O Sutra da Mente Desperta diz: “Andando, o praticante deve estar cônscio de que está andando. Sentado, deve estar cônscio de que está sentado. Deitado, idem. O praticante deve estar cônscio de qualquer que seja a posição de seu corpo…” Temos que estar cônscios de cada respiração, cada movimento, cada pensamento e sentimento, de qualquer coisa que esteja relacionada conosco. (Sutra, do sânscrito, significa costurar, daí vem a palavra sutura. Trata-se de um ensinamento basicamente religioso em forma de texto, originário das tradições espirituais da Índia, particularmente do hinduísmo, do budismo e do jainismo.)

É ver que vemos, o que vemos, onde vemos, quando vemos, porque vemos.

É andar e saber dos passos, onde pisa, como pisa, para onde vai e porque vai.

O alimento que ingerimos á apreciado desde o momento da sua escolha.

O ar que respiramos é sentido e valorizado.

A palavra que dizemos nasce pensada e refletida.

O sorriso que damos retrata nosso real sentimento.

Cada pensamento, cada ação à luz da atenção plena se torna destaque e única naquele instante.

É viver plenamente cada momento, cada ato.

Se quisermos terminar logo o que estejamos por fazer para que, por exemplo, possamos ir tomar uma xícara de café, seremos igualmente incapazes de beber o café alegremente. Com a xícara de café em nossas mãos estaremos a pensar o que faremos a seguir, e a fragrância e o sabor do café, juntamente com o prazer de bebê-lo, serão perdidos.

Estaremos sempre atraídos pelo futuro, nunca capazes de vivermos o momento presente.

Ao dedicarmos atenção à alguma coisa, alguma circunstância, algum assunto, alguma pessoa, ali estaremos presentes.

Se desviamos atenção para outro ponto, saímos de onde estávamos.

A ausência de um, exclui o outro. Sem atenção, sem presença.
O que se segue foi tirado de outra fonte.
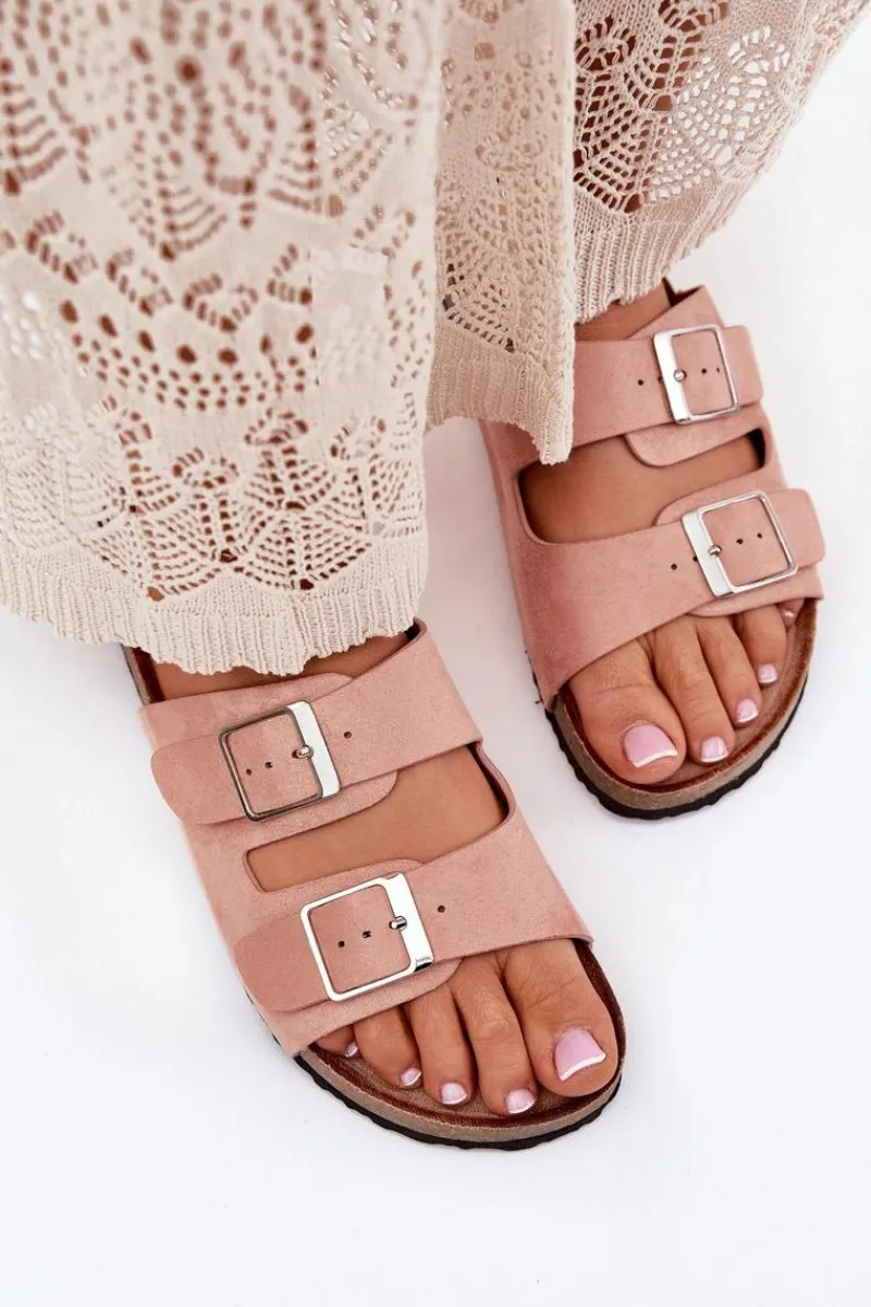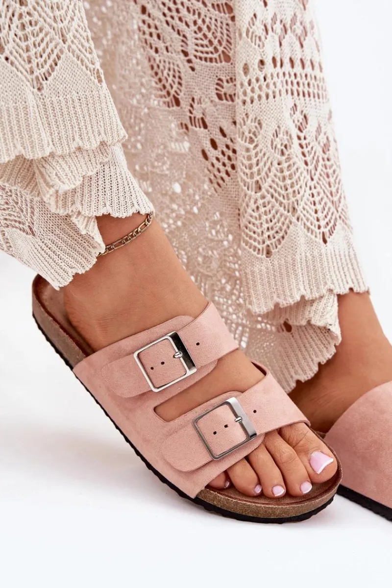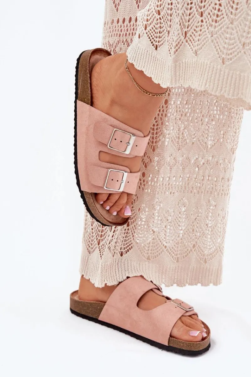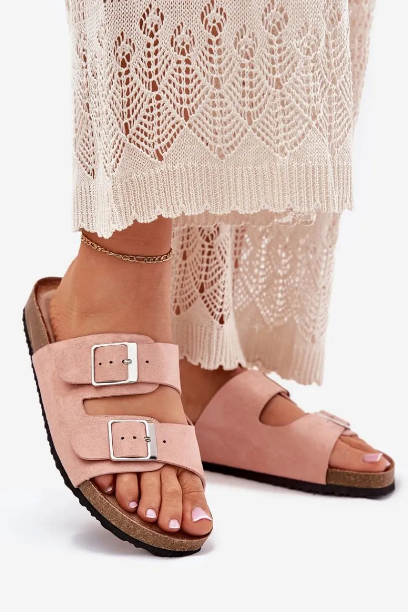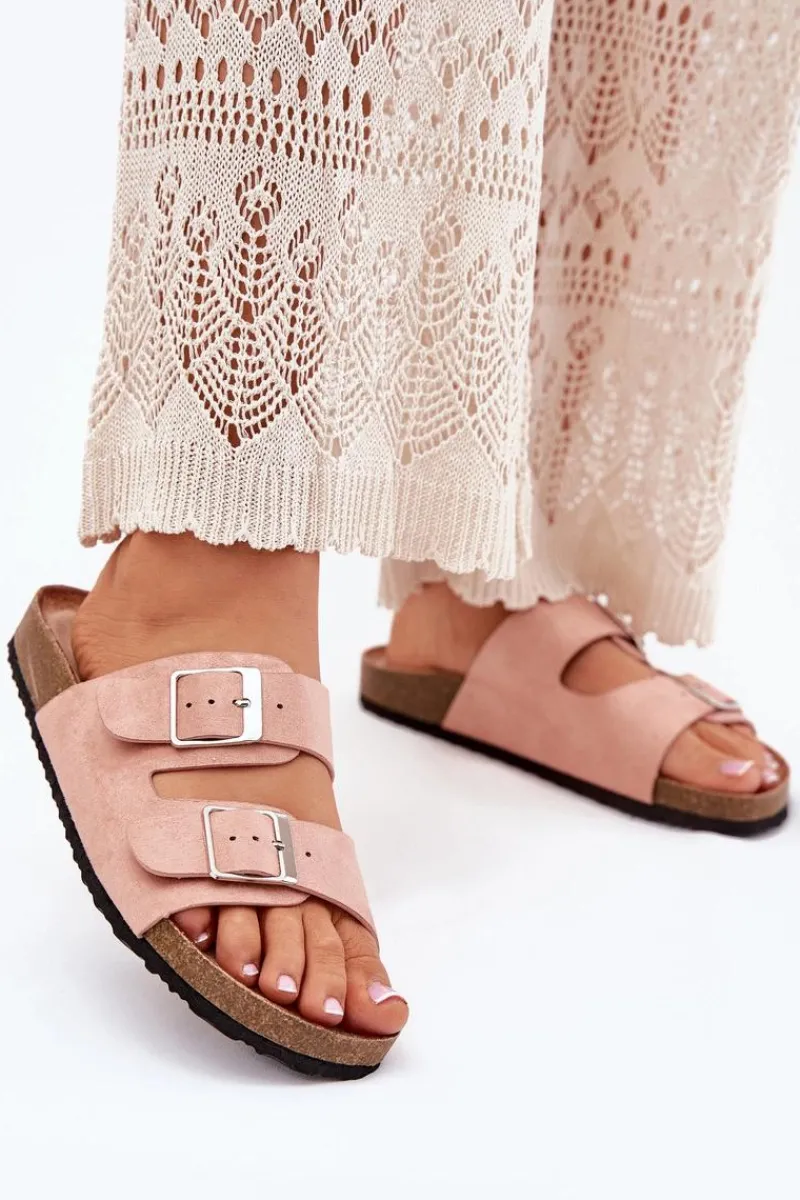 Best Klapki Damskie Na Korkowej Platformie Klamry Różowe Evisolla Damskie Klapki Korkowe|Klapki Na Platformie
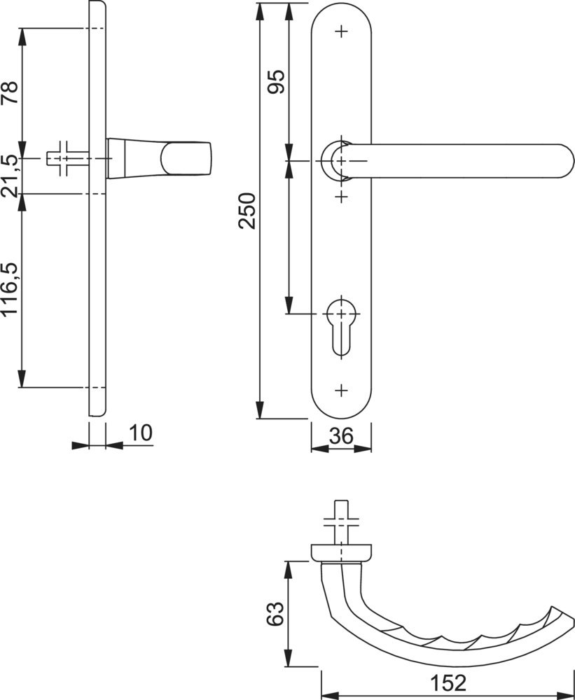 Halbgarnitur Luxembourg 1500/3357SN; Produkttyp: Halbgarnitur; Produkttyp (Hersteller): Halbgarnitur; Ausführung: Langschild; Befestigungsart: verdeckt verschraubt; Befestigungstechnik: ohne Stütznocken; Form: oval; Vierkant: 8 mm; Material: Aluminium; Material Unterkonstruktion: Zamak; Form Türgriff (innen): gebogen; Länge Türgriff (innen): 152 mm; Höhe Türgriff (innen): 63 mm; Schildbreite außen: 36 mm; Schildbreite innen: 36 mm; Schildlänge außen: 250 mm; Schildlänge innen: 250 mm; Schildstärke außen: 10 mm; Schildstärke innen: 10 mm; Lagerung: mit Rückholfeder,wartungsfreies Gleitlager,festdrehbar; Einsatzbereich: Haustür; Türart: Rohrrahmen; Türwerkstoff: Aluminium,Kunststoff; Anwendung: innen; Lochung: Profilzylinder gelocht; Entfernung: 92 mm; DIN-Richtung: DIN Links-Rechts; Farbe: braun; Farbton: dunkelbraun seidenglänzend beschichtet; Ausführung Vierkant: Vierkantstift
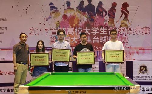 5月14日,2017首都高校大学生台球锦标赛暨全国大学生台球邀请赛在中国传媒大学体育馆落下帷幕。本次大赛是北京市大学生体育协会台球分会举办的第四届全国邀请赛,有以往的成功经验做基础,本届赛事在规模、组织筹备水平以及社会各界的支持力度上都达到了历史最高水平。包括北京大学、清华大学、同济大学、浙江大学等国内50余所高校、超过300名大学生选手参加了比赛。
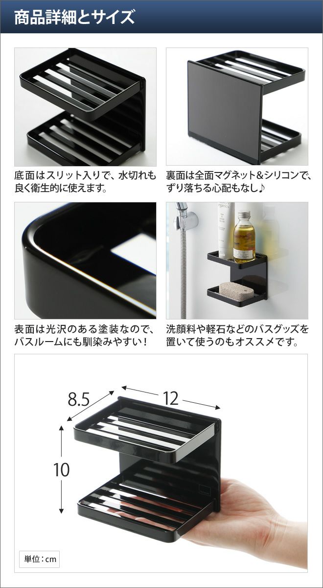 他の画像を見る 山崎実業/石鹸置き/石鹸トレー/石鹸ホルダー/石けん置き/ソープディッシュ/ホルダー/ソープトレイ/収納棚/小物置き/棚/マグネット/磁石/石鹸/マグネット収納/壁面収納/小物収納/お風呂/風呂/バスルーム/浴室/収納 山崎実業 石鹸置き 石鹸トレー 石鹸ホルダー 石けん置き ソープディッシュ ホルダー ソープトレイ 収納棚 小物置き 棚 マグネット 磁石 石鹸 マグネット収納 壁面収納 小物収納 yamazaki タワーシリーズ [tower タワー マグネットバスルームソープトレー 2段 3809 3810] 当店特別価格 ¥ 2,200 税込 詳細を見る お気に入りに登録する
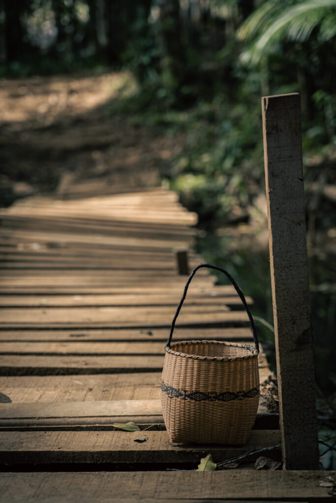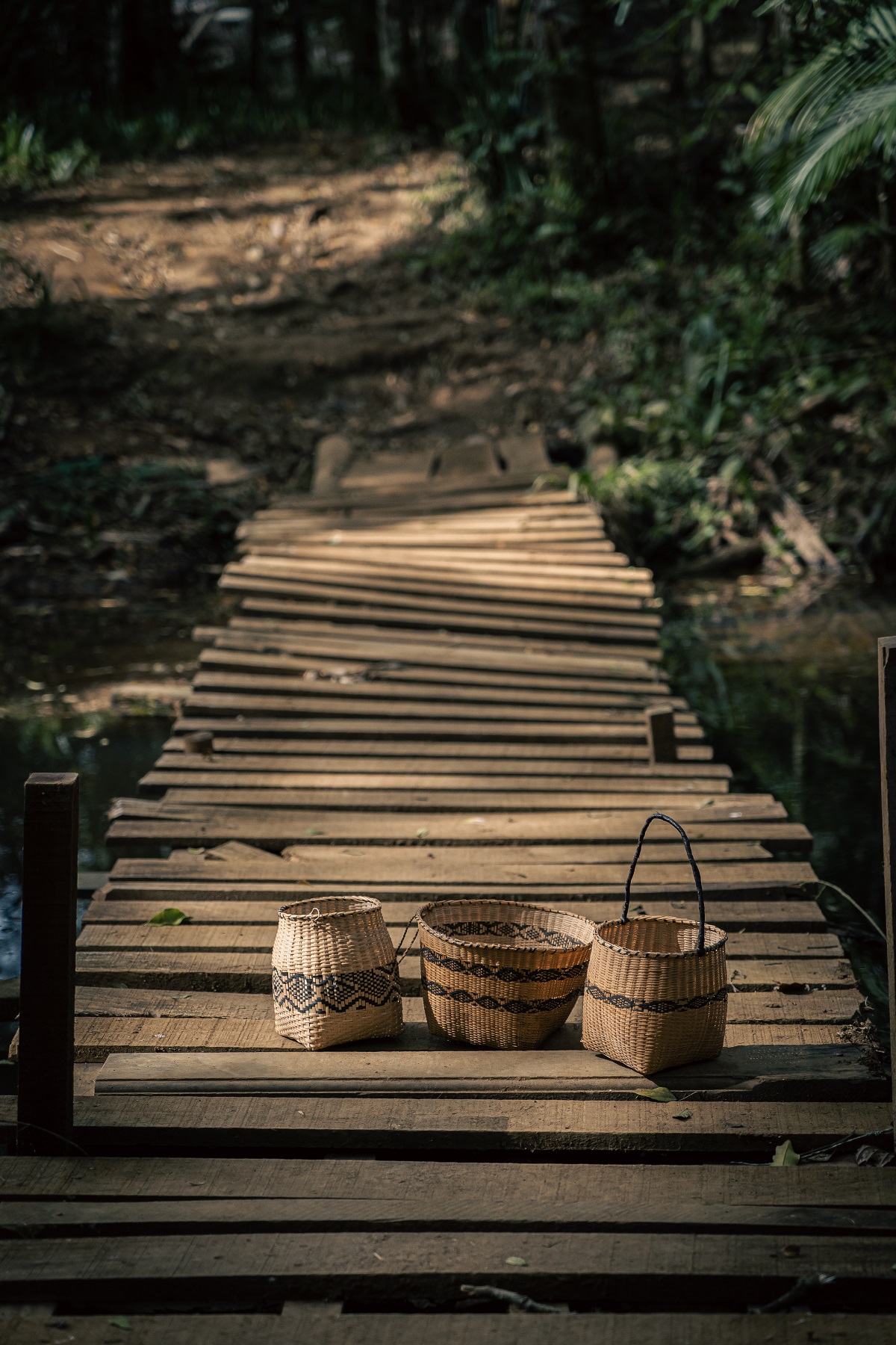 O artesanato faz parte do nhandereko, o modo de ser e viver dos Guarani Mbya e Tupi. As produções articulam uma gama de saberes e práticas tradicionais na sua relação com a terra, a fértil Mata Atlântica, com as suas comunidades e com o que herdaram dos antigos. De certa forma, o artesanato dá forma a um conjunto de saberes e práticas de um povo que soube resistir e florescer, transformando sementes, madeira, penas e miçangas em objetos de singular beleza. Os bichinhos de madeira esculpidos com paciência a partir da Cacheta, as cestas de taquara trançadas com precisão, os colares de sementes coletadas nas trilhas sagradas – tudo isso é mais que artesanato, é a materialização de uma cultura viva que se reinventa a cada dia.
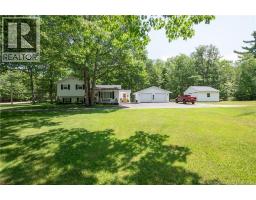 Step into this immaculately maintained 4-level split home sitting on a beautifully manicured property with paved driveway, detached double garage, large shed, and an additional lot offering space and privacy surrounded by mature trees and easy access to the ATV/snowmobile trails. The tiled entryway welcomes you into a bright kitchen with hardwood floors and hardwood cabinets, flowing seamlessly into the formal living room on the main level. Upstairs, youll find three spacious bedrooms and a full 4-piece bathroom, perfect for family living. The lower finished level provides a warm and inviting rec room with propane fireplace, ideal for cozy evenings, along with a versatile bedroom or office, a half bath with shower and laundry for added convenience. The lowest level remains unfinished, offering ample storage space to suit your needs. From the well-manicured landscaping to the privacy provided by mature trees, this home and property have been meticulously cared fora rare find in todays market. With plenty of room for the whole family and extra space inside and out, this property is ready to welcome its next owners. Bonus is the on-demand hot water heater. No more waiting forever for hot water! (id:19018)

Por exemplo: pensemos em um de nossos pés. Escolhamos um dos dedos. Isso em mente, significa estarmos com a atenção dedicada ao dedo. Nossos sentidos voltados para ele. Simples assim.

Agora, mexamos esse dedo.

Acabamos de lançar mão da intenção em mexer o dedo e o fizemos. Ou seja, influenciamos a experiência inicial, e a modificamos.

Mente alerta, desperta e reflexiva, torna-nos conscientes de nossas escolhas e das mudanças que imprimimos em nossas experiências, com a simples intenção de fazê-lo.

Por sua vez, a atenção é como uma escuta profunda, que nos faz presentes perante nós mesmos a cada pensamento, sentimento e ação.

Atenção é exercício de profunda consciência, mesmo que por curto espaço de tempo.

A intenção é como um gatilho que acionamos e mudamos experiências.

Com as experiências físicas que nos dão os nossos cinco sentidos, que são nossas janelas de contato com o mundo exterior: tato, olfato, visão, audição paladar, e com as experiências mentais: pensamento, sentimento, emoção, imagem, entre outras, construímos nossa realidade cotidiana, de modo natural, espontâneo.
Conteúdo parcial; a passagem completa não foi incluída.